Task requirements: The lines below, from the one holding "今天126挪朗转换为人民币汇率多少?具体计算方法2025/12/7" through the one holding "Ásványkő sztreccs karkötő", are to be restated word for word, with all images left out.

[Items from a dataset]
————————
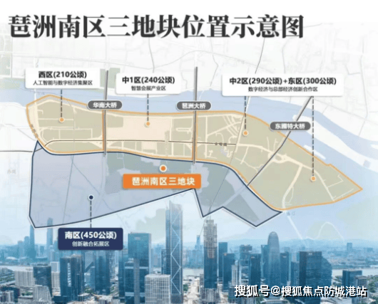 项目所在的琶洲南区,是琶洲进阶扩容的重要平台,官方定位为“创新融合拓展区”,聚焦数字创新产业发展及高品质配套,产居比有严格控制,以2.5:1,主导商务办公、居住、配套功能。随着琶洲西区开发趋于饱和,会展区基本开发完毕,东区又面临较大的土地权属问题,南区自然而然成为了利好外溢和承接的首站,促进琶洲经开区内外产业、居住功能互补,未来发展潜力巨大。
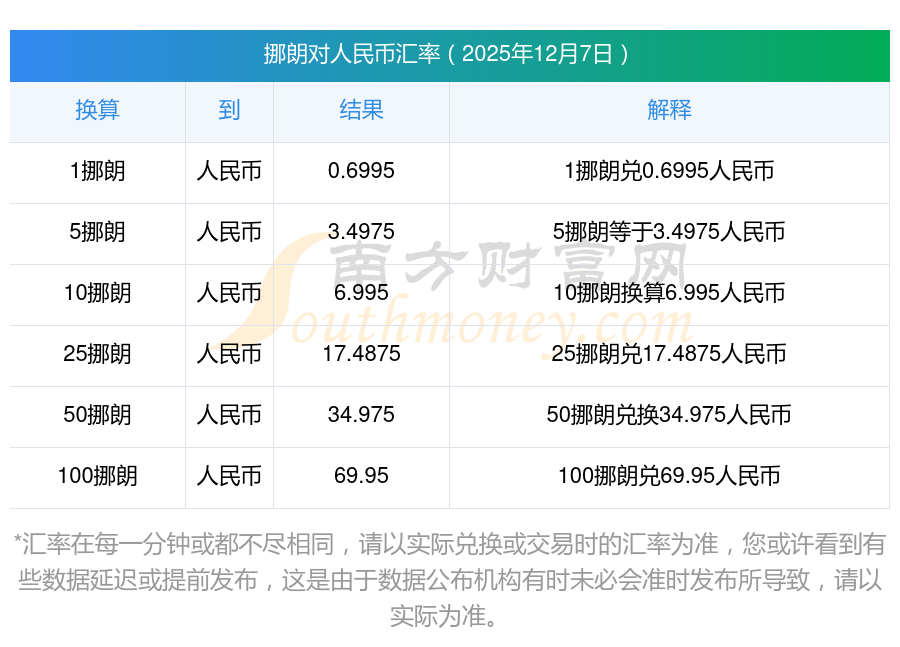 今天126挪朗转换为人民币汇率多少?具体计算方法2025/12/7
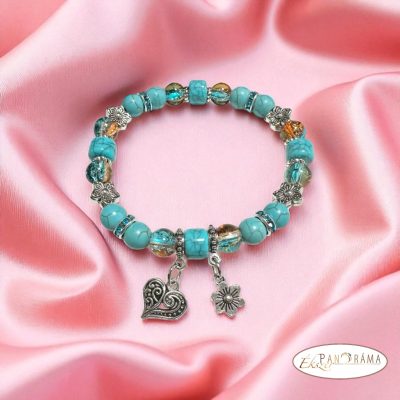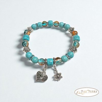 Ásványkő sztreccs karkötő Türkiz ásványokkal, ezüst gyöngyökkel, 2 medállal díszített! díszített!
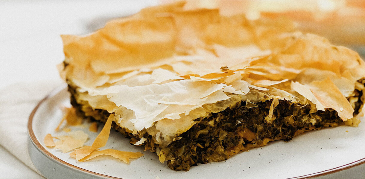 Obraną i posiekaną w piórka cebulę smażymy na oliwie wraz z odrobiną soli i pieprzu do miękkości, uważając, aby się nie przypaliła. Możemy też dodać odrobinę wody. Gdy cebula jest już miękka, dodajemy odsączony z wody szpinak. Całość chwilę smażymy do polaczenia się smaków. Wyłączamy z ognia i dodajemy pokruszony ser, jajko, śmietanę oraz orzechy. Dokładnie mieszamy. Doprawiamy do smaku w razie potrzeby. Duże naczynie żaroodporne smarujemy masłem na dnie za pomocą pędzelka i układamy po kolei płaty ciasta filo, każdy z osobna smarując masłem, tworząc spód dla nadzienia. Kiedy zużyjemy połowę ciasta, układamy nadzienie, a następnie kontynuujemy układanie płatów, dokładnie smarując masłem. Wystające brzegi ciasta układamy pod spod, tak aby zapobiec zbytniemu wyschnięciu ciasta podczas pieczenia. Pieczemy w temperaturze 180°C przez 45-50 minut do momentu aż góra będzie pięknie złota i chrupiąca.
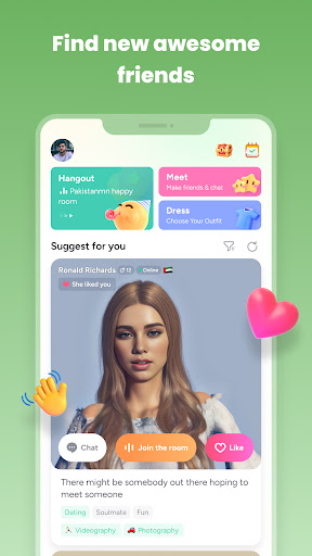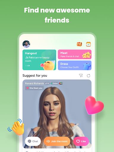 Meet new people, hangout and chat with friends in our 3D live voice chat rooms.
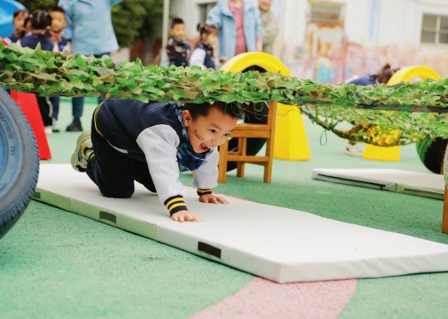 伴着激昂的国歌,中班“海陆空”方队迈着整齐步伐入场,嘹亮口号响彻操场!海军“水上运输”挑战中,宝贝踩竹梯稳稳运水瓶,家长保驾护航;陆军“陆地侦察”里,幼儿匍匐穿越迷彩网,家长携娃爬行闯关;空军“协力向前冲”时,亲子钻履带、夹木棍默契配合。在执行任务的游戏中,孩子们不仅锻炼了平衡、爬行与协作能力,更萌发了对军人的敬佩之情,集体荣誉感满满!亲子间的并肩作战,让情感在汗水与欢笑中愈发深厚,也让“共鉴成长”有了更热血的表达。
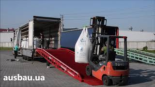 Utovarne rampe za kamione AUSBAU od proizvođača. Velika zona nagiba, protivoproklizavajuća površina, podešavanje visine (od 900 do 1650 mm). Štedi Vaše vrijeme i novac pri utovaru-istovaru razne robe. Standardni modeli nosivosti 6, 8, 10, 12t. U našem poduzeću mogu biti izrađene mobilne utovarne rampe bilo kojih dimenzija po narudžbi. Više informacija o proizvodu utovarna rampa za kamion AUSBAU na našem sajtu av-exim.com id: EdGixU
————————
Solved exercise:
 今天126挪朗转换为人民币汇率多少?具体计算方法2025/12/7
 Ásványkő sztreccs karkötő Türkiz ásványokkal, ezüst gyöngyökkel, 2 medállal díszített! díszített!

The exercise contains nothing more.